The launch comes as the company closed on an $18 million Series B round that brings its total funding to more than $30 million.

Called Diamanti D10, the appliance hits general availability Wednesday and is designed to automate much of the container implementation process, starting with the initial hardware configuration. The system, which was first announced last year, combines flash storage with networking in an integrated chassis, meaning organizations no longer have to piece together their container deployments on legacy hardware that Diamanti claims is unsuited for the job.

The company said the appliance can be quickly hooked up to existing infrastructure, allowing organizations to deploy containers “in seconds.” The appliance supports a range of Linux distributions and container orchestration tools, including the open-source Kubernetes and Mesosphere Inc.’s open-source Data Center Operating System.

Mark Balch, vice president of products at Diamanti, told SiliconANGLE that container deployments often break traditional networking, thereby creating complexities for addressing, service discovery and services such as load balancers and firewalls.
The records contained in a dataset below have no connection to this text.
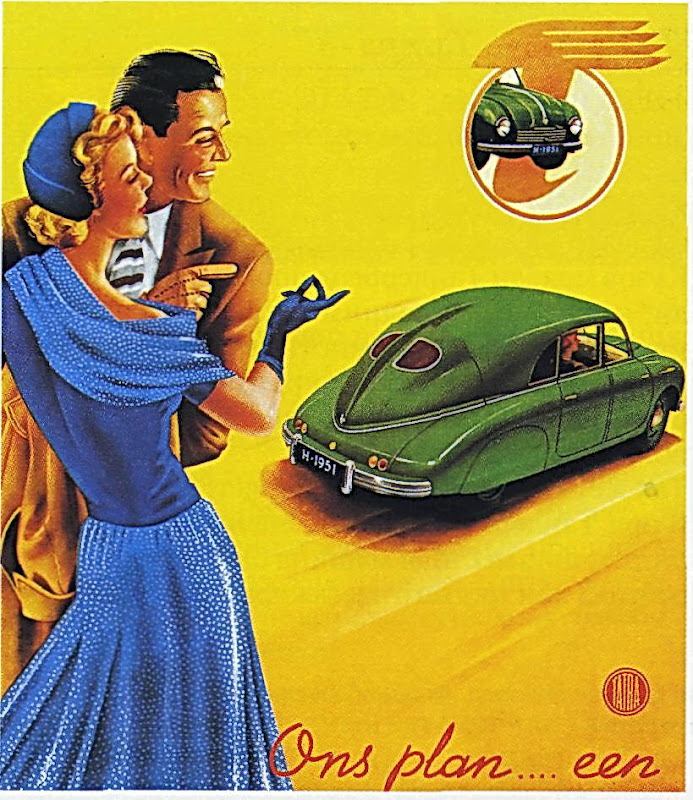 Автомобили "Татра" (история ранних моделей "Таtra") ![]() Модели "Татраплан" усиленно рекламировались. На плакате изображена счастливая пара, путешествующая на стильном автомобиле, сочетающем мощность, скорость и элегантность... Об истории автомобилей "Татра" - текст (+ много фотографий) - под "катом": Первые автомобили были изготовлены в 1897 году на вагоностроительном заводе в Несельдорфере. Модель была известна как "Президент" и имела двухцилиндровый двигатель «Бенц» мощностью 5 л. с. Последующие автомобили с четырехцилиндровыми силовыми агрегатами и верхними распределительными валами, которые конструировал Ганс Ледвинка, были вполне передовыми для 1906 года. Когда вслед за перемирием после Первой мировой войны были изменены границы, Несельдорфер, переставший быть частью Австрии, вошел в состав Чехословакии и был переименован в Копривинице. В 1923 году название автомобилей было изменено с "Несельдорфер" на "Татра". ![]() На фотографии - модель "Татра-603" (слева) возле модели "Татраплан". Вновь Ганс Ледвинка конструировал машины, которые вошли в историю автомобилестроения. Автомобили имели стальные шасси на трубчатой раме и оснащались двигателем с воздушным охлаждением, с оппозитным расположением цилиндров. В результате появлялись такие модели, как Тип-77 1934 года с превосходными обтекаемыми линиями кузова, оснащенные расположенным сзади двигателем V8 и с воздушным охлаждением. Эти автомобили явились основой более крупных послевоенных машин Татра. В 1945 году завод «Татра» стал контролироваться государством. Модель Татра-57В 1939 года вернулась на рынок с четырехцилиндровым двигателем с оппозитным расположением цилиндров, воздушным охлаждением, рабочим объемом 1256 куб.см и мощностью 25 л. с. ![]() На фотографии - модель Татра - 57В Вместе с этим компактным двухдверным автомобилем выпускался преемник более крупной модели Тип-77, носящий название Тип-87. ![]() Модель Татра-87... ![]() Вид сзади. Этот автомобиль приводился в движение расположенным сзади трехлитровым двигателем V8 с верхними распределительными валами воздушным охлаждением. Татра Тип-87 также выпускалась с четырехцилиндровым двигателем рабочим объемом 1749 см3. В 1947 году преемницей модели Тип-87 стала модель Татраплан-600. Эта машина предназначалась для экспорта. Четырехцилиндровый двигатель был более «простым», без верхнего распределительного вала - рабочим объемом 1950 см3 и мощностью только 52л. с. Затем, в 1956 году, для партийных руководителей СССР и соседних соцстран была запущена в производство Татра-603. Кузов был аналогичен предшествующим моделям, а сзади располагался двигатель V8 с воздушным охлаждением. Распределительный вал был в блоке цилиндров, а двухкамерные карбюраторы помогали двигателю рабочим объемом 2545 см3 развивать мощность до 100л. с. На фотографиях - модель "Татра" - 603 различных модификаций ![]() ![]() ![]() Подобно автомобилям, которые конструировал Ганс Ледвинка, все послевоенные модели компании «Татра» имели независимую подвеску всех колес. Модель 603 была первой с несущим кузовом. Три фары устанавливались за вставкой из прозрачной гибкой пластмассы. Эта модель выпускалась в течение двадцати лет, хотя, конечно, ее внешний вид время от времени изменялся. В 1961 году к трем фарам была добавлена четвертая, а после увеличения в 1962 году степени сжатия с 6,5:1 до 8,2:1 мощность двигателя возросла до 105
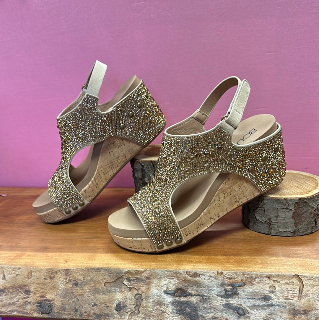 Step into the spotlight with Corkys The Ashley Wedge! These rhinestone-studded beauties offer the same beloved fit as the Carley sandal but with an extra dash of bling for a night out. With a 3 inch heel and 1 inch platform, these shoes elevate any outfit. Plus, they're true to size and perfect for wide feet. Size up if you're a half size. Who says comfort and style can't go hand in hand?
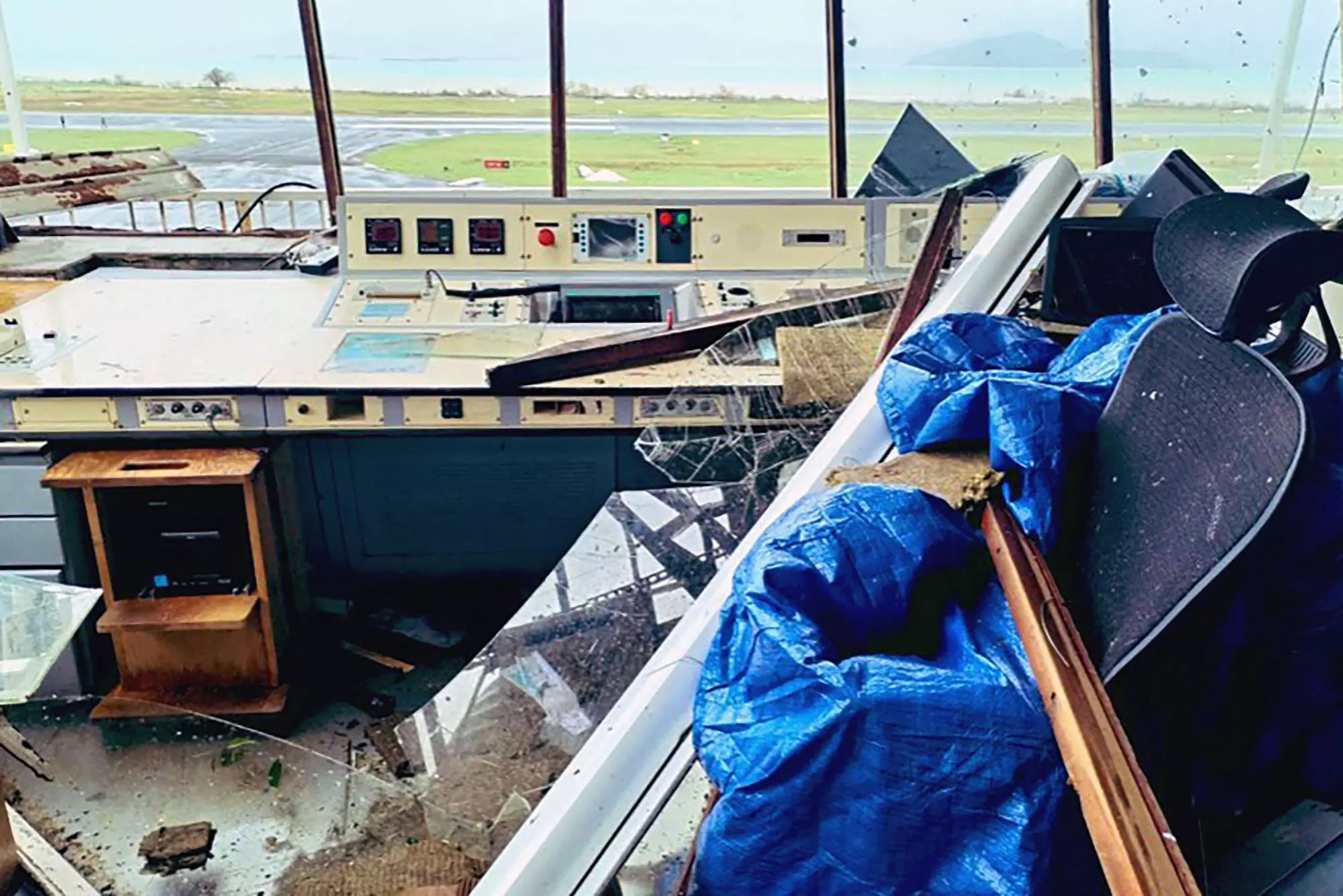 Handout photograph taken and released by the General Direction of the civil aviation on December 14, 2024 shows damage in the control tower at the airport in Pamandzi, hours after Cyclone Chido batterred the French Indian Ocean island of Mayotte with winds of up to 220 kilometres (137 miles) per hour. (AFP)
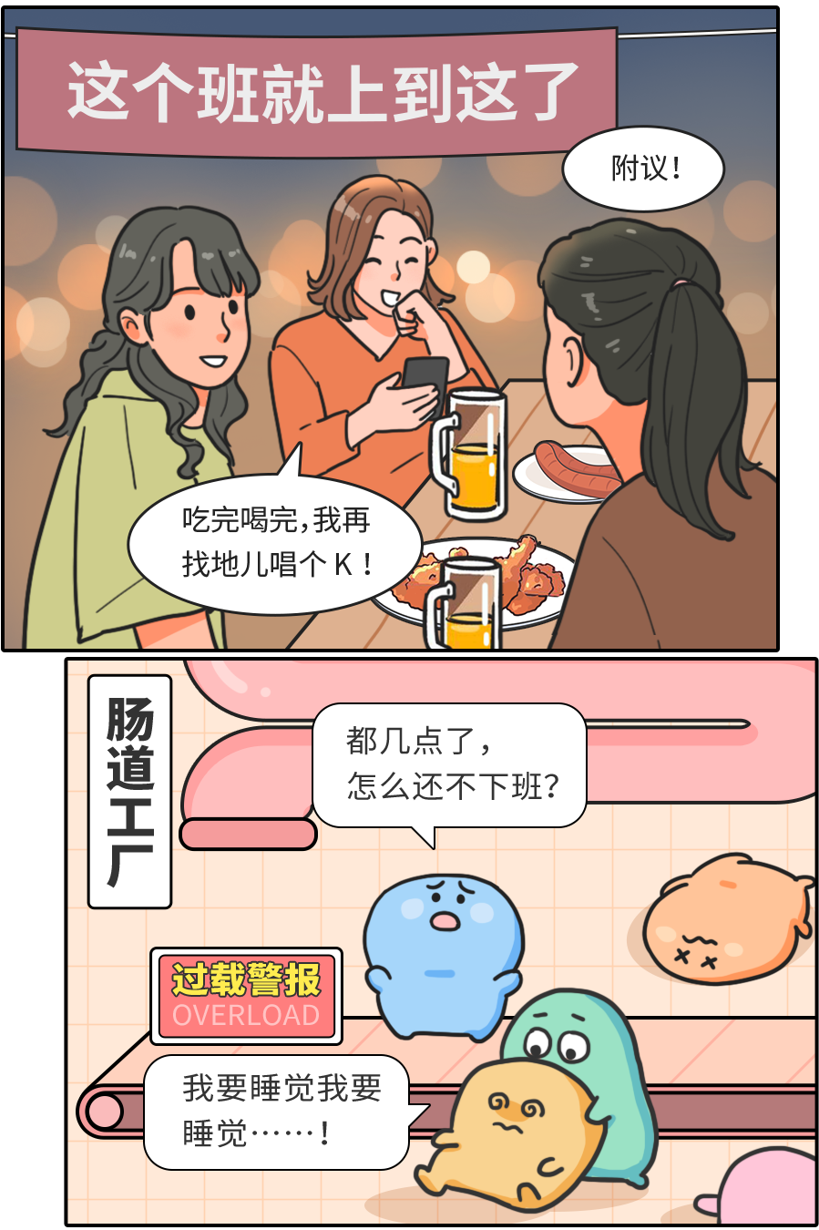 但这群益生菌,有健康的生活习惯,爱吃蔬菜瓜果,习惯规律作息,熬夜吃夜宵打破了原本的节奏,很可能「激怒」它们,于是集体罢工,甚至可能会被更多的有害菌「侵占」地盘,肠道菌群平衡被破坏,遭遇拉屎困难的「暴击」[1]。
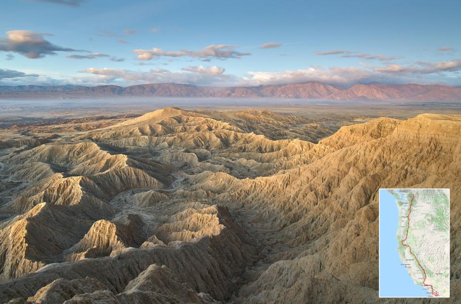 Devět z deseti nadšenců začíná svou pouť právě tady, obvykle na přelomu dubna a května. Poušť totiž ještě nesnesitelně nežhne, ale sníh v pohořích na trase už odtává. V době, kdy cestovatelé dosáhnou jejich vrcholků, hrozí mnohem nižší riziko lavin a náhlých záplav. S rozlohou 2 371 km² představuje Anza-Borrego největší národní park Kalifornie. Návštěvníci jej mohou objevovat prostřednictvím 800 km polních cest a 180 km turistických stezek. Natrefí přitom na širokou plejádu kaktusů, pouštních květin, ale i na ohrožené ovce Nelsonovy.
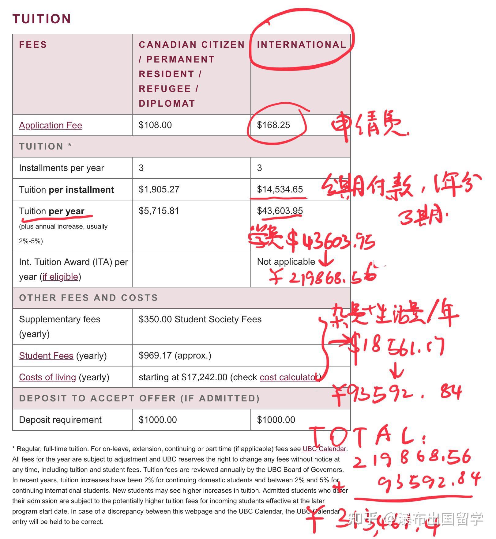 43603.90加币/年(22w人民币/年),总共一年费用31w人民币
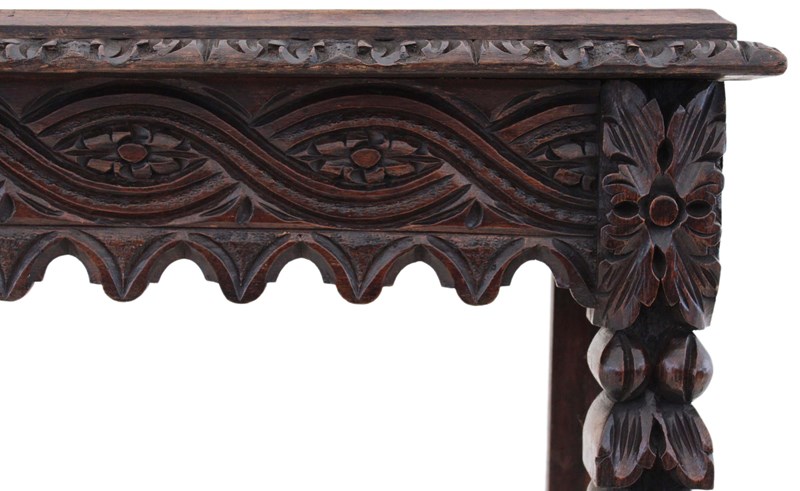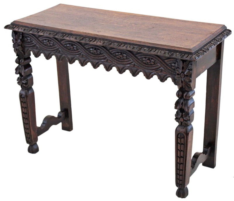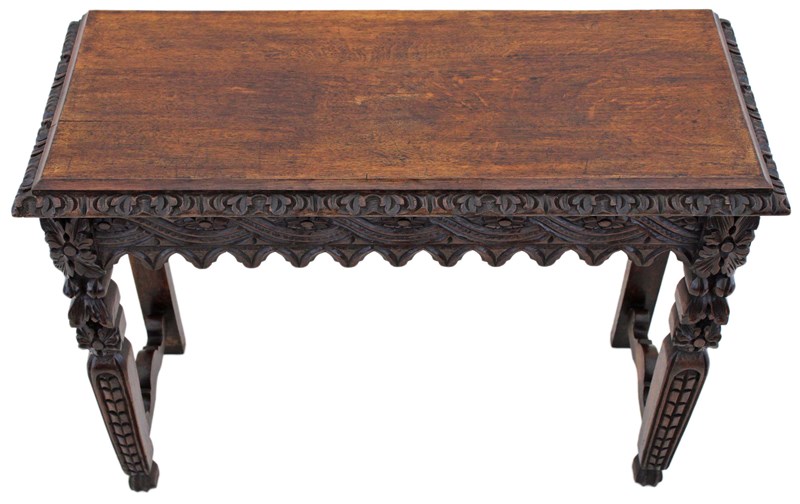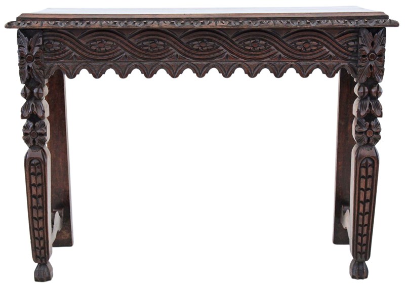 A striking 19th-century Victorian oak writing table, richly carved and full of charm and character. This is a particularly unusual and quite rare piece, showcasing bold craftsmanship and a strong sense of period style. The table has a wonderful colour, age, and patina, making it a standout decorative and practical addition to the right setting. With its versatile use as a hall, side, or writing table, it offers both beauty and functionality.
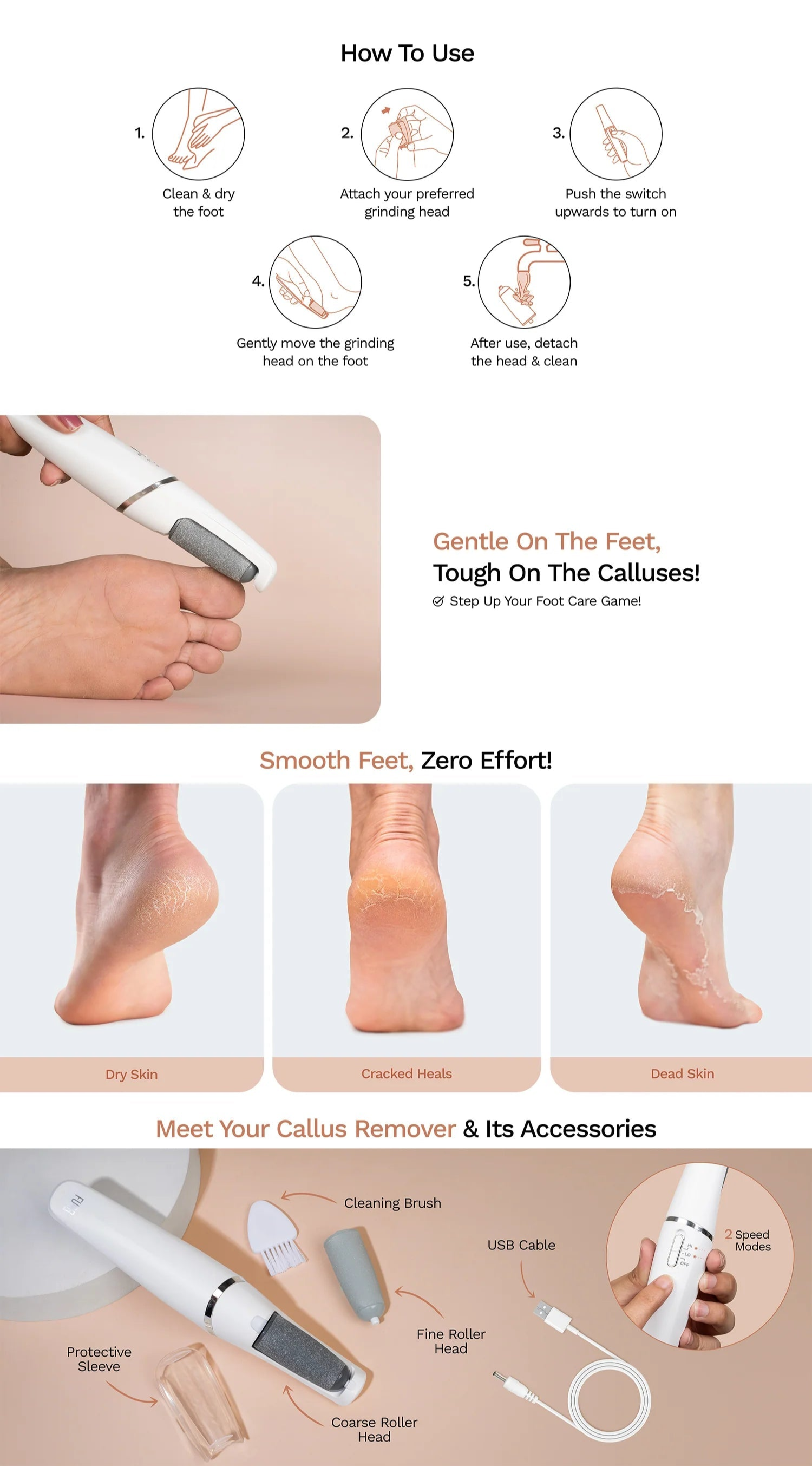 For optimal results, ensure your feet are clean and dry. Gently glide the rotating head over callused or rough areas, applying light to medium pressure. The tool will exfoliate and smooth your skin effortlessly. Always follow with a moisturizer for silky soft feet.
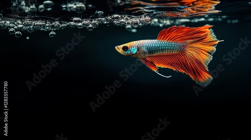 Fototapeta premium Majestic Betta Fish Swims Gracefully In Clean Water. Captivating Colors And Tranquil Movement Create A Serene And Captivating Underwater Scene.
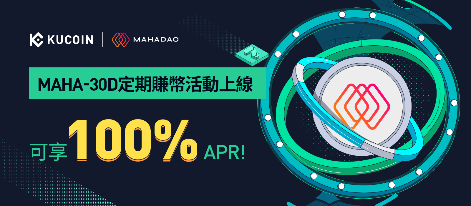 KuCoin賺幣平台將於2023年2月23日18:00:00 (UTC+8)上線MAHA定期賺幣活動,本次上線產品MAHA-30D享100%福利!填寫表單報名並參與質押,質押金額最高10個用戶將分別獲得1個People Of Eden NFT獎勵!
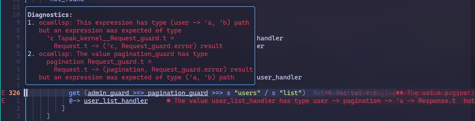 s "users"→('a, 'a) path(no parameters extracted)/ int64→(int64 -> 'a, 'a) path(adds int64 parameter)get→ Wraps in Method GET@-> user_handler→ Requires handler of typeint64 -> Request.t -> Response.t
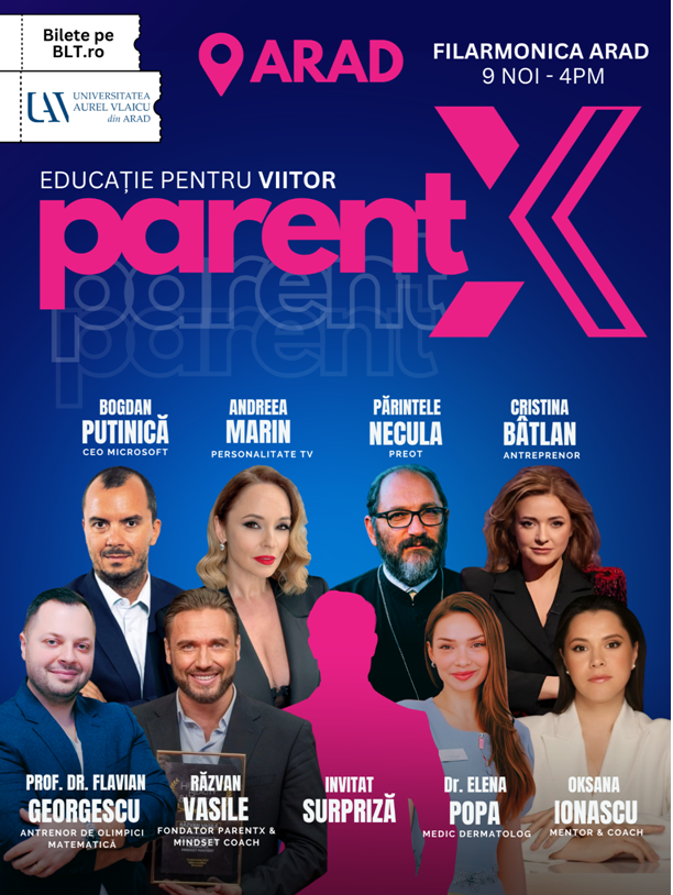PARENTX, fenomenul educațional ce promite să schimbe percepțiile și să deschidă noi orizonturi în relaționarea părinte-copil, ajunge sâmbătă, 9 noiembrie 2024 la Arad. Evenimentul are loc, de la ora 16:00, la Filarmonica Arad.
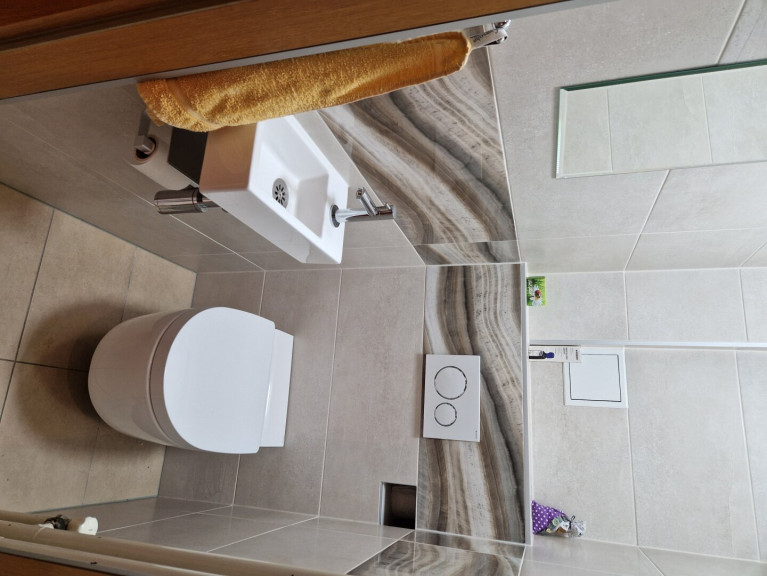 Sie betreten die Wohnung durch ein zentrales Vorzimmer. Gegenüber vom Eingang befindet sich die geräumige Wohnküche, die mit einer Tischlerküche verbaut und mit allen nötigen Geräten ausgestattet ist. Rechts finden Sie das neu renovierte Bad mit bodentiefer Dusche. Wenn Sie weitergehen, gelangen Sie in das Schlafzimmer und daneben in das geräumige Wohnzimmer. Auch die separate Toilette, die vom Vorzimmer aus zu begehen ist, wurde neu renoviert.

Containers also cause problems with traditional storage systems, because arrays and storage area networks are difficult to set up and manage, leading to performance bottlenecks with microservices. Diamanti’s D10 appliance negates these problems, delivering a significant performance boost for container workloads, Balch said.

“Diamanti provides each container with networking that is compatible with existing data centers, and each container gets an IP/MAC so the existing processes and services continue to operate,” Balch said. “The model looks like a virtual machine, but there is no hypervisor. As well, Diamanti provides scale-out persistent storage for containers that keeps up with the rapid lifecycle and high performance of bare-metal containers.”

The appliance’s secret sauce is a special I/O controller card and software that makes storage resources inside the hyperconverged infrastructure easier for containers to use. It also helps to make the external network appear more familiar, Balch said.

Diamanti makes some impressive claims about the performance of its appliance. The Diamanti D10 claims existing customers typically see performance gains of 40 percent or more, consolidation is increased by up to six times, as well as a dramatic reduction in the total cost of ownership for container infrastructure. The company further boasts of guaranteed real-time service levels for container infrastructure.

“By isolating each container’s network/storage resources using our PCIe technology, we eliminate noisy neighbors, which are a primary cause of over-provisioning,” Balch said. “Most people running bare metal workloads do so at 10-15 percent utilization to achieve predictable performance, whereas we run at 90 percent – 6X consolidation or more – while delivering predictable performance.”

All of this adds up to considerable savings for customers, which can buy a lot less hardware to run their container workloads on. When you throw in the weeks or months of configuration work that Diamanti’s appliance eliminates, the adoption barrier for companies looking to move away from traditional virtualization becomes significantly lower. It’s a value proposition that has seen Diamanti sign up a number of big brands as customers, including NBCUniversal, and also secure the backing of several venture capital firms.

The $18 million series B funding round was led by new investor Northgate Capital, with participation from CRV, DFJ, Translink and GSR Ventures.

“We believe Diamanti is the first to deliver real-time service level guarantees to networking and storage infrastructure,” said Thorsten Claus, a partner at Northgate Capital. “Until now, we found that IT operators have been forced into complex and expensive ‘do-it-yourself’ Docker implementations since traditional network and storage technology was built for virtual machines rather than containers.”